ASSIGNMENT: Exactly as written, write out the lines below from the first to the one containing "高速 7 ポート USB", inclusive. Pictures do not belong in the copy.

Stored items:

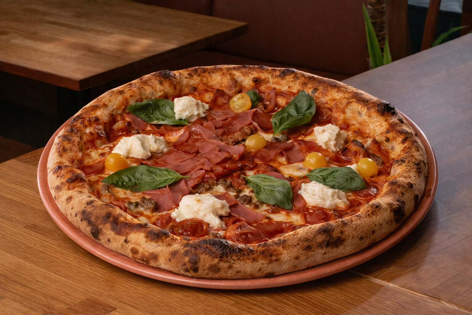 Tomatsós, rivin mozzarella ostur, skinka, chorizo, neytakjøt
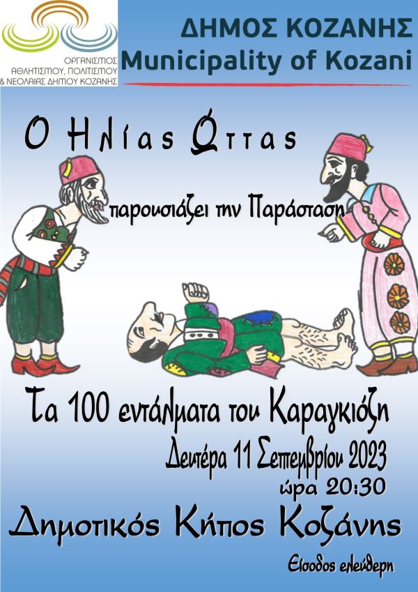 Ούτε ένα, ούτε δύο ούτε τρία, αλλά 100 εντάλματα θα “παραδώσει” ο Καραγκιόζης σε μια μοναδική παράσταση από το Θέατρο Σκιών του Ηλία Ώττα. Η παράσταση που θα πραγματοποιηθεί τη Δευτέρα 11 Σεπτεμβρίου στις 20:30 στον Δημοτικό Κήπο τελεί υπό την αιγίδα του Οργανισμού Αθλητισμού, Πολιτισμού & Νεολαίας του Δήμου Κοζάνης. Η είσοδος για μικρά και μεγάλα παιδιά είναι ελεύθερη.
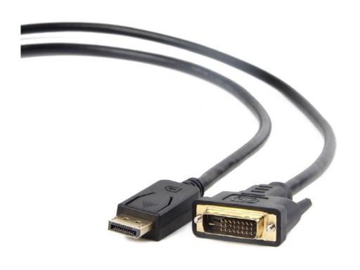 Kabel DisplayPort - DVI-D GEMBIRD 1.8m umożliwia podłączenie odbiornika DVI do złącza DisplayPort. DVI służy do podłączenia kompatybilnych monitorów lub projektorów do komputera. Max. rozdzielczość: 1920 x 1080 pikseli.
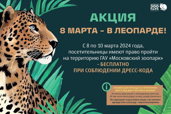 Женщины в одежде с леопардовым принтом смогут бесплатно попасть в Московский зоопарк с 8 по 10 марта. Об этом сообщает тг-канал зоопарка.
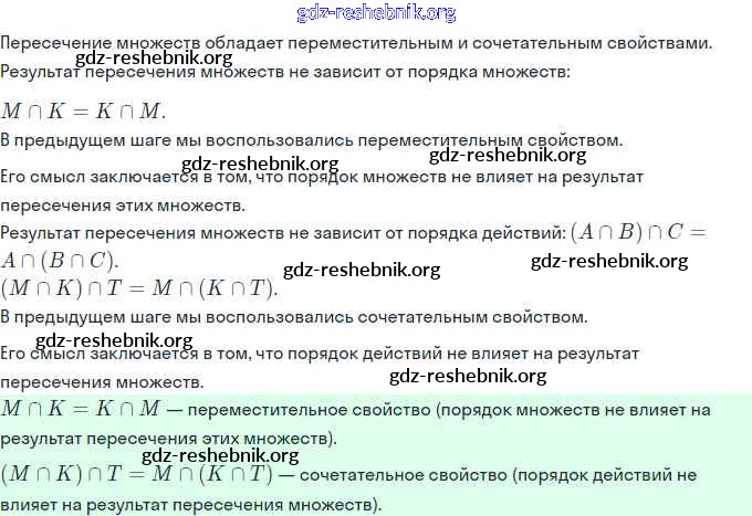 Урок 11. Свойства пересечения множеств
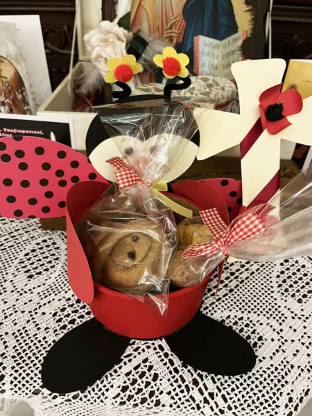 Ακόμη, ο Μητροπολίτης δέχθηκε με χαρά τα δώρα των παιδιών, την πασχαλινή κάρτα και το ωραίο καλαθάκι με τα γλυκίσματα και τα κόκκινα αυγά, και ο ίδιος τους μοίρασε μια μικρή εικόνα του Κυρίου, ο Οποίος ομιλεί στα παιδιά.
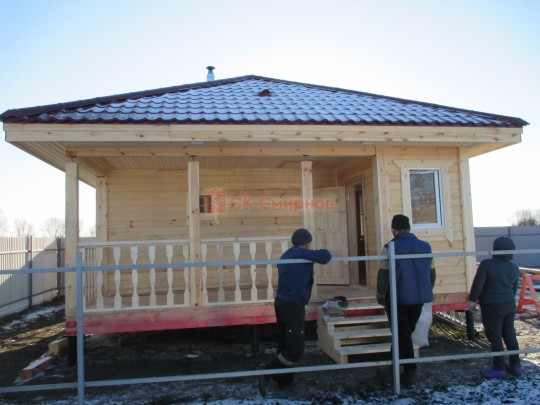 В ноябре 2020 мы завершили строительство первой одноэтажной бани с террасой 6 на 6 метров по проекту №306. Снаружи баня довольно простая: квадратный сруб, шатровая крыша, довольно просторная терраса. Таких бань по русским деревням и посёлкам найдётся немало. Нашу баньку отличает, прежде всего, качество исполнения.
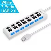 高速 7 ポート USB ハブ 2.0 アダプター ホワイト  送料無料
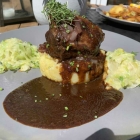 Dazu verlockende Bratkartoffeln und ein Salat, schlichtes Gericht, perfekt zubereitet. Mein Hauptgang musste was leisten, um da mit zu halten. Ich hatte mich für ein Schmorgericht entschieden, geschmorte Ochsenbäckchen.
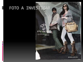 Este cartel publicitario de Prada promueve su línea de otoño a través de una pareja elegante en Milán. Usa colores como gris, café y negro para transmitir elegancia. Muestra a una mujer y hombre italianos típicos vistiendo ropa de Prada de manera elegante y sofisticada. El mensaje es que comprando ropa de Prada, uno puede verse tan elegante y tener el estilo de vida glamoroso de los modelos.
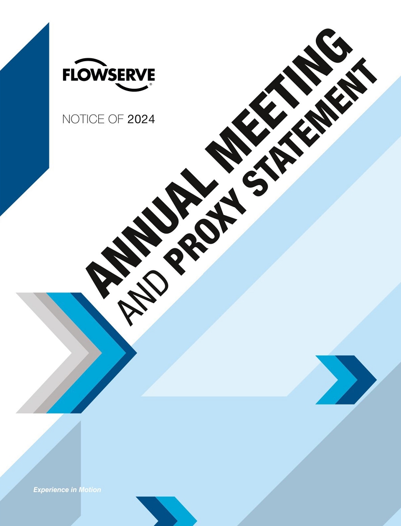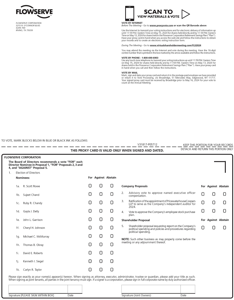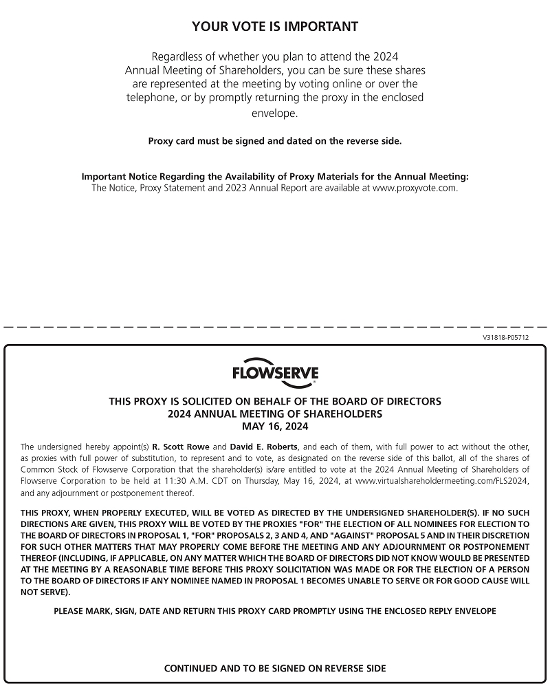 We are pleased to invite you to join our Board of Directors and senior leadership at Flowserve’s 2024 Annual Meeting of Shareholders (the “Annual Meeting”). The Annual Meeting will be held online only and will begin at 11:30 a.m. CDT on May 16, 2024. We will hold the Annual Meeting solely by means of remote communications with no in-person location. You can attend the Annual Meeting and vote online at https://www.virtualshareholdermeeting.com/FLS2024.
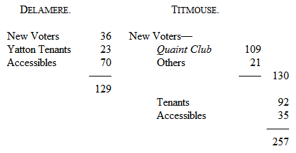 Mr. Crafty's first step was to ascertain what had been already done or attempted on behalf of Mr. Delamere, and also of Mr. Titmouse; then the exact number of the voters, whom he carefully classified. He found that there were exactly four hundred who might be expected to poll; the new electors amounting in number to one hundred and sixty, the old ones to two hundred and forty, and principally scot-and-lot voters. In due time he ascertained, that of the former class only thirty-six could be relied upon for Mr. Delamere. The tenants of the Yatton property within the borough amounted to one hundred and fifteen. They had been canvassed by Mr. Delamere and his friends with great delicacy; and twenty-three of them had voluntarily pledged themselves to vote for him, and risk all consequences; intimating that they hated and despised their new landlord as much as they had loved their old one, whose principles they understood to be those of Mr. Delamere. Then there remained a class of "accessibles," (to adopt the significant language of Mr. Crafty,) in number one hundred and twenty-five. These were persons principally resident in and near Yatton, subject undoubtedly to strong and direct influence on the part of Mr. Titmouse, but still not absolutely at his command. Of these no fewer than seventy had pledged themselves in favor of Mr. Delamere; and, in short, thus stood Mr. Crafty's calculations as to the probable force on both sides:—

TASK ANSWER:
 Tomatsós, rivin mozzarella ostur, skinka, chorizo, neytakjøt
 Ούτε ένα, ούτε δύο ούτε τρία, αλλά 100 εντάλματα θα “παραδώσει” ο Καραγκιόζης σε μια μοναδική παράσταση από το Θέατρο Σκιών του Ηλία Ώττα. Η παράσταση που θα πραγματοποιηθεί τη Δευτέρα 11 Σεπτεμβρίου στις 20:30 στον Δημοτικό Κήπο τελεί υπό την αιγίδα του Οργανισμού Αθλητισμού, Πολιτισμού & Νεολαίας του Δήμου Κοζάνης. Η είσοδος για μικρά και μεγάλα παιδιά είναι ελεύθερη.
 Kabel DisplayPort - DVI-D GEMBIRD 1.8m umożliwia podłączenie odbiornika DVI do złącza DisplayPort. DVI służy do podłączenia kompatybilnych monitorów lub projektorów do komputera. Max. rozdzielczość: 1920 x 1080 pikseli.
 Женщины в одежде с леопардовым принтом смогут бесплатно попасть в Московский зоопарк с 8 по 10 марта. Об этом сообщает тг-канал зоопарка.
 Урок 11. Свойства пересечения множеств
 Ακόμη, ο Μητροπολίτης δέχθηκε με χαρά τα δώρα των παιδιών, την πασχαλινή κάρτα και το ωραίο καλαθάκι με τα γλυκίσματα και τα κόκκινα αυγά, και ο ίδιος τους μοίρασε μια μικρή εικόνα του Κυρίου, ο Οποίος ομιλεί στα παιδιά.
 В ноябре 2020 мы завершили строительство первой одноэтажной бани с террасой 6 на 6 метров по проекту №306. Снаружи баня довольно простая: квадратный сруб, шатровая крыша, довольно просторная терраса. Таких бань по русским деревням и посёлкам найдётся немало. Нашу баньку отличает, прежде всего, качество исполнения.
 高速 7 ポート USB ハブ 2.0 アダプター ホワイト  送料無料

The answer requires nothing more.